• Description of the task: Your answer must be the full listing below, repeated exactly, with no pictures in it.

• Task inputs:

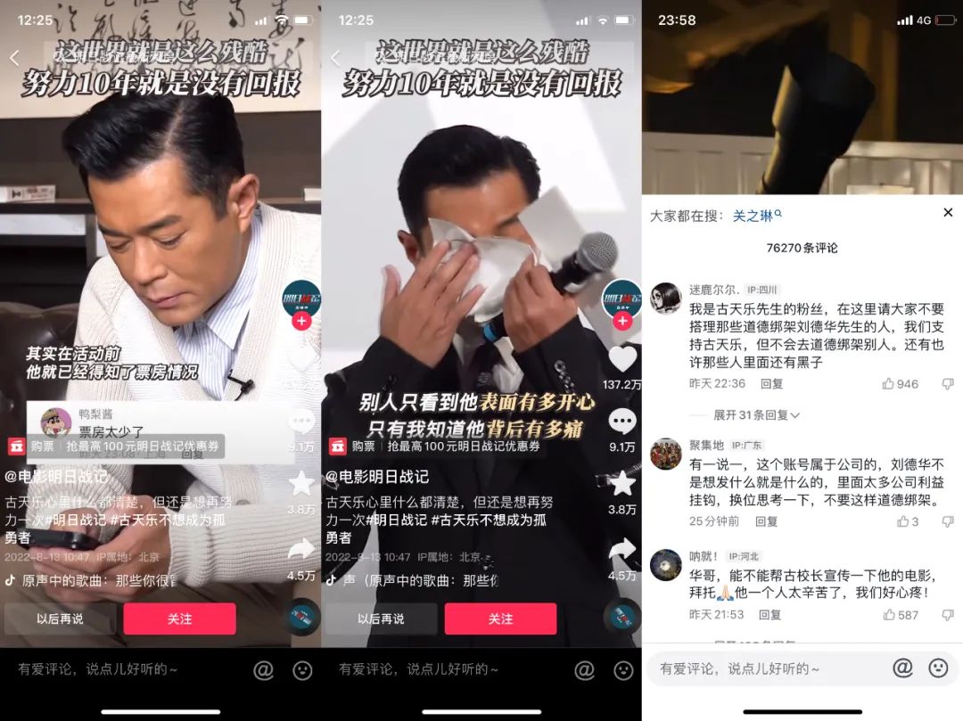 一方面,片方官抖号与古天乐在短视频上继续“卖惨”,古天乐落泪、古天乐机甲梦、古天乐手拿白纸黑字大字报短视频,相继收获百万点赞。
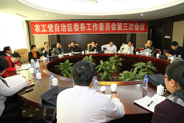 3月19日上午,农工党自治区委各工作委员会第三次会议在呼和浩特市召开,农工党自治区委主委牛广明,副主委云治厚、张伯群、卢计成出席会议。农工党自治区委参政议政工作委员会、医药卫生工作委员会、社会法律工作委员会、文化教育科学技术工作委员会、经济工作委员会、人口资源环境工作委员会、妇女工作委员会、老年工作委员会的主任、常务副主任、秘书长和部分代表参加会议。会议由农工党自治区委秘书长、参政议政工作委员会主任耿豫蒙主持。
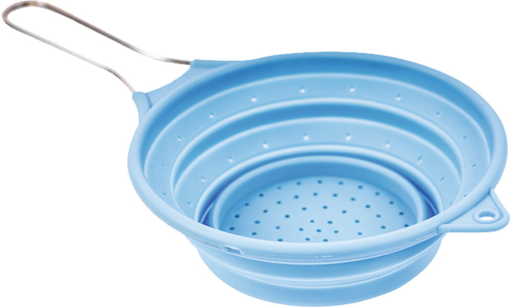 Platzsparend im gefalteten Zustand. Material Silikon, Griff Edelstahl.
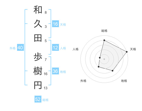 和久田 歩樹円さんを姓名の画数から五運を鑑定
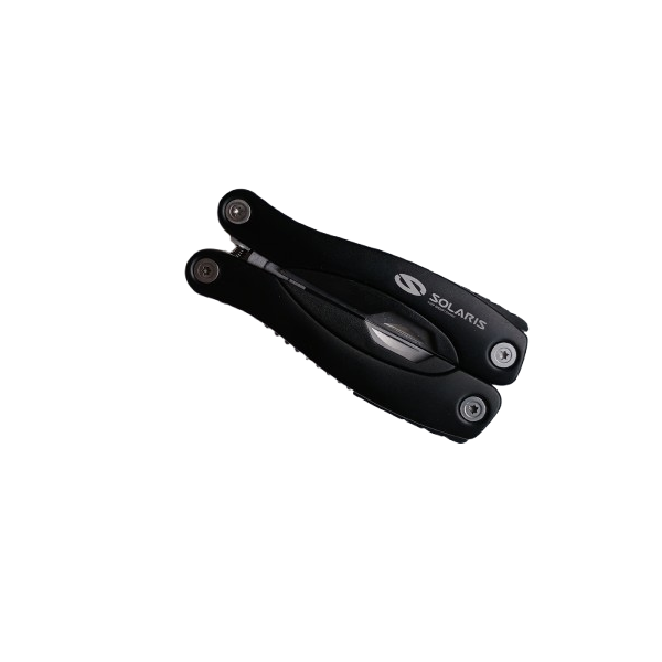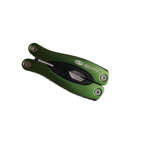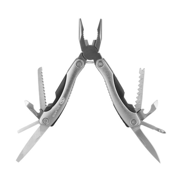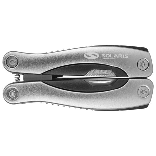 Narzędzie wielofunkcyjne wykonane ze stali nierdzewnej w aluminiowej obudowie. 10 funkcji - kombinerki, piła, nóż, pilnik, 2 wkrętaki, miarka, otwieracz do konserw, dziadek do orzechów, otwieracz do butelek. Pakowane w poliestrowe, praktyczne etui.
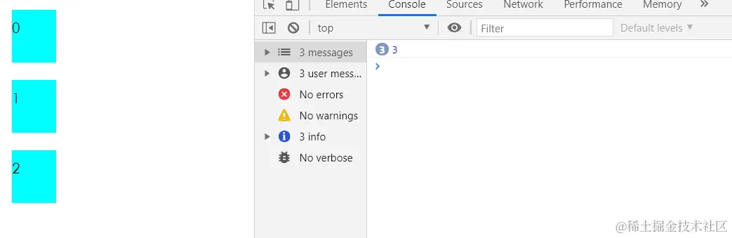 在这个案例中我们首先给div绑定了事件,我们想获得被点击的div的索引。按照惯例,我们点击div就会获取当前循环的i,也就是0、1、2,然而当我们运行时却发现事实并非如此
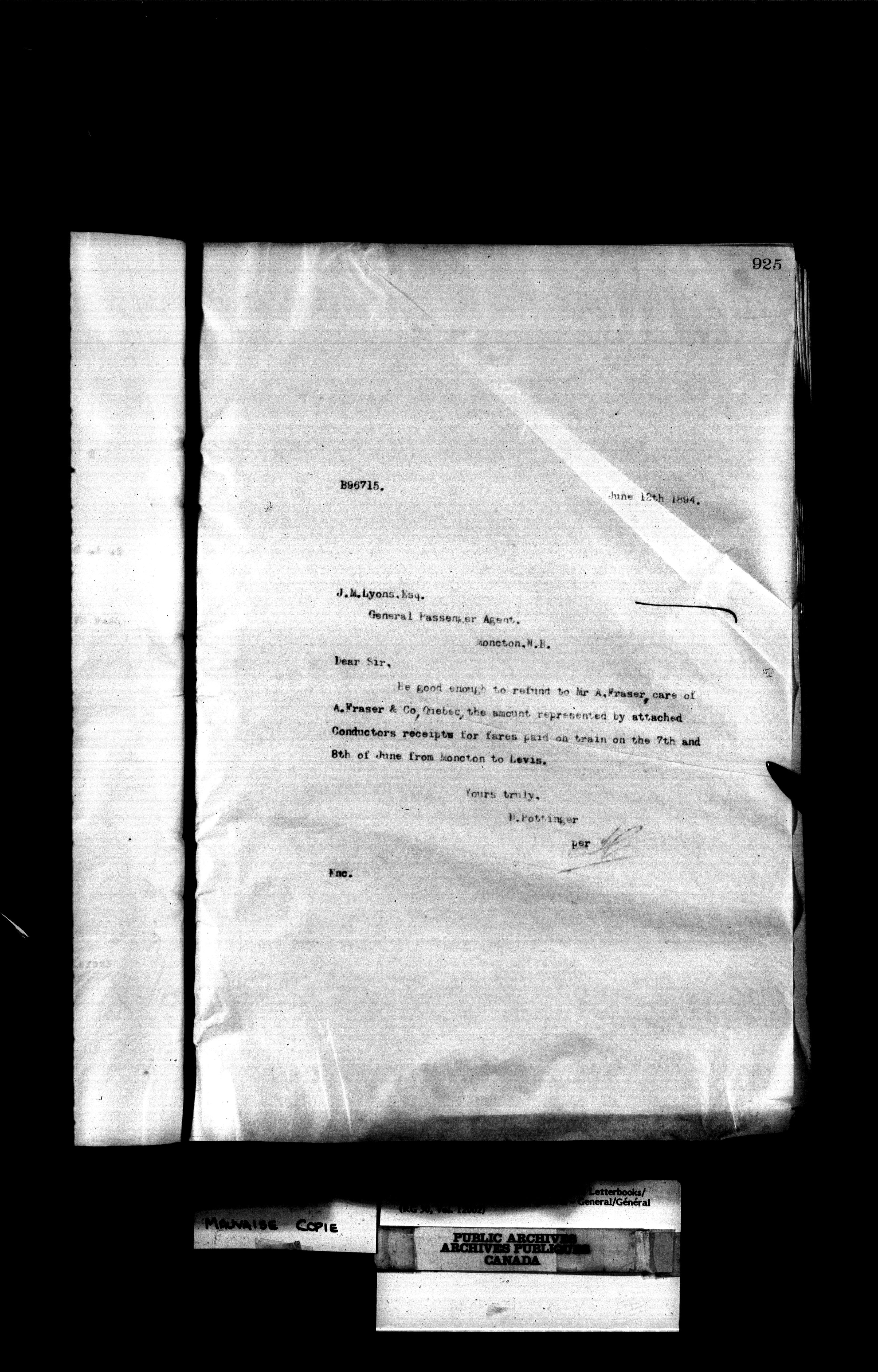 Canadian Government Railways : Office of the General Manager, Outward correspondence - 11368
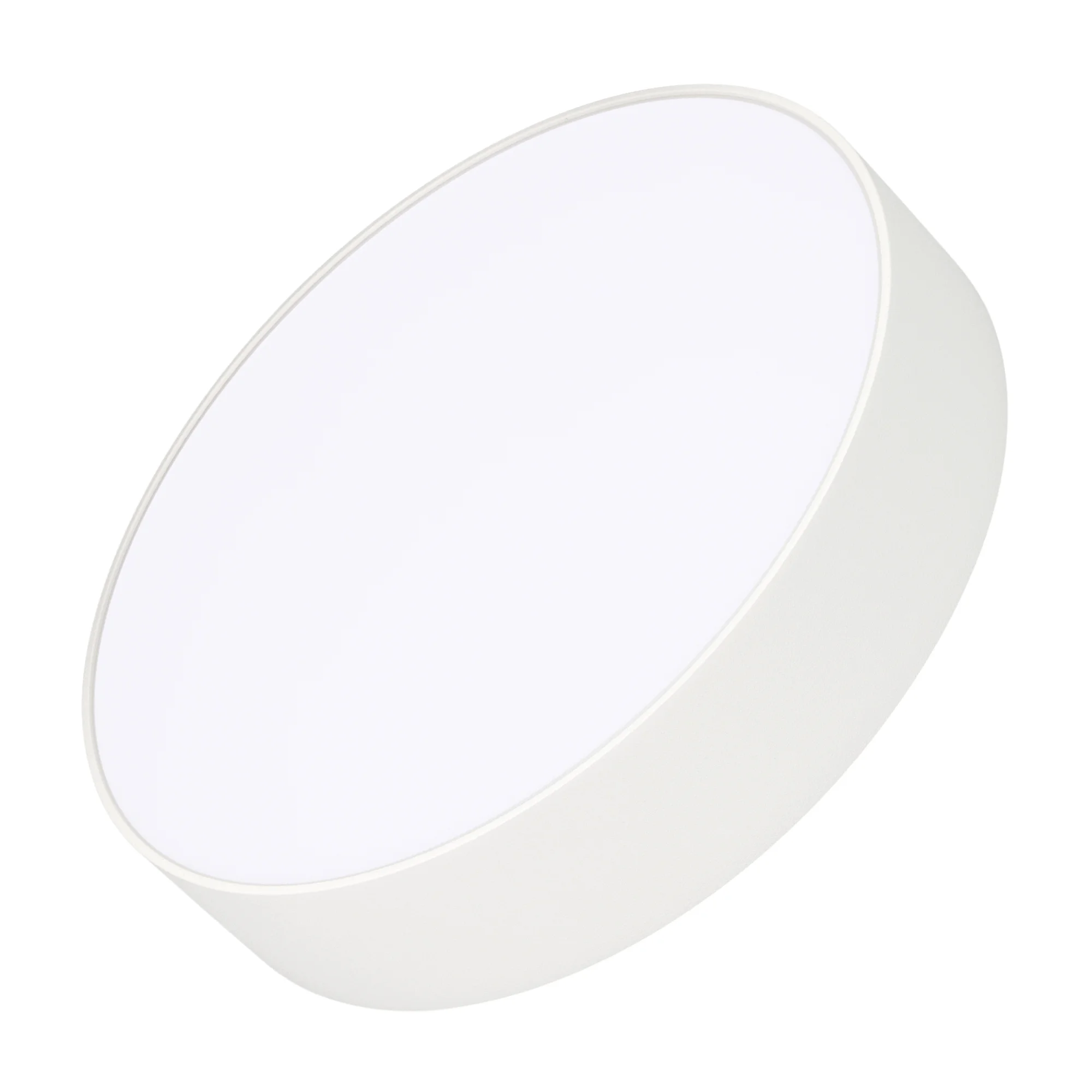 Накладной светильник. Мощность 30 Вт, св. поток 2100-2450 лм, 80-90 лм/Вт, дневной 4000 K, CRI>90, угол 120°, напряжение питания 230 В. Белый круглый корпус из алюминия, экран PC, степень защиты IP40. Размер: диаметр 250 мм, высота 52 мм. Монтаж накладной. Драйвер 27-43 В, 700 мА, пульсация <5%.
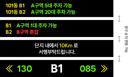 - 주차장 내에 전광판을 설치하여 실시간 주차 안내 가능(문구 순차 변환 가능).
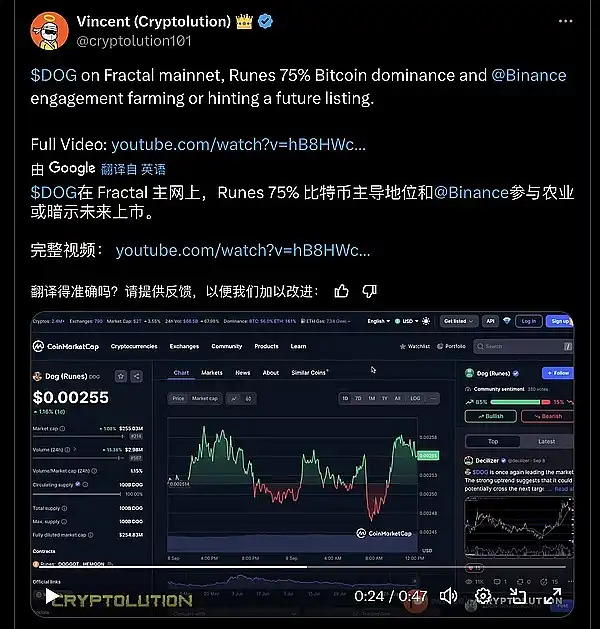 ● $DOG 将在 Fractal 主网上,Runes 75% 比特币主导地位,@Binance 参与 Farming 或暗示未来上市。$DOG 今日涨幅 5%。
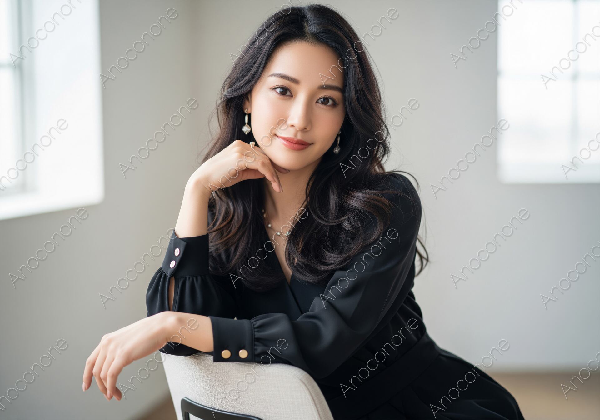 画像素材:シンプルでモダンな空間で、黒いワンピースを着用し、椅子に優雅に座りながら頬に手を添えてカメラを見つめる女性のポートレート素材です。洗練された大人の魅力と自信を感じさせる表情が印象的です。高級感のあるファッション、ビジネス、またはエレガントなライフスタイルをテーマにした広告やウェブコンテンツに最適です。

• Your solution:
 一方面,片方官抖号与古天乐在短视频上继续“卖惨”,古天乐落泪、古天乐机甲梦、古天乐手拿白纸黑字大字报短视频,相继收获百万点赞。
 3月19日上午,农工党自治区委各工作委员会第三次会议在呼和浩特市召开,农工党自治区委主委牛广明,副主委云治厚、张伯群、卢计成出席会议。农工党自治区委参政议政工作委员会、医药卫生工作委员会、社会法律工作委员会、文化教育科学技术工作委员会、经济工作委员会、人口资源环境工作委员会、妇女工作委员会、老年工作委员会的主任、常务副主任、秘书长和部分代表参加会议。会议由农工党自治区委秘书长、参政议政工作委员会主任耿豫蒙主持。
 Platzsparend im gefalteten Zustand. Material Silikon, Griff Edelstahl.
 和久田 歩樹円さんを姓名の画数から五運を鑑定
 Narzędzie wielofunkcyjne wykonane ze stali nierdzewnej w aluminiowej obudowie. 10 funkcji - kombinerki, piła, nóż, pilnik, 2 wkrętaki, miarka, otwieracz do konserw, dziadek do orzechów, otwieracz do butelek. Pakowane w poliestrowe, praktyczne etui.
 在这个案例中我们首先给div绑定了事件,我们想获得被点击的div的索引。按照惯例,我们点击div就会获取当前循环的i,也就是0、1、2,然而当我们运行时却发现事实并非如此
 Canadian Government Railways : Office of the General Manager, Outward correspondence - 11368
 Накладной светильник. Мощность 30 Вт, св. поток 2100-2450 лм, 80-90 лм/Вт, дневной 4000 K, CRI>90, угол 120°, напряжение питания 230 В. Белый круглый корпус из алюминия, экран PC, степень защиты IP40. Размер: диаметр 250 мм, высота 52 мм. Монтаж накладной. Драйвер 27-43 В, 700 мА, пульсация <5%.
 - 주차장 내에 전광판을 설치하여 실시간 주차 안내 가능(문구 순차 변환 가능).
 ● $DOG 将在 Fractal 主网上,Runes 75% 比特币主导地位,@Binance 参与 Farming 或暗示未来上市。$DOG 今日涨幅 5%。
 画像素材:シンプルでモダンな空間で、黒いワンピースを着用し、椅子に優雅に座りながら頬に手を添えてカメラを見つめる女性のポートレート素材です。洗練された大人の魅力と自信を感じさせる表情が印象的です。高級感のあるファッション、ビジネス、またはエレガントなライフスタイルをテーマにした広告やウェブコンテンツに最適です。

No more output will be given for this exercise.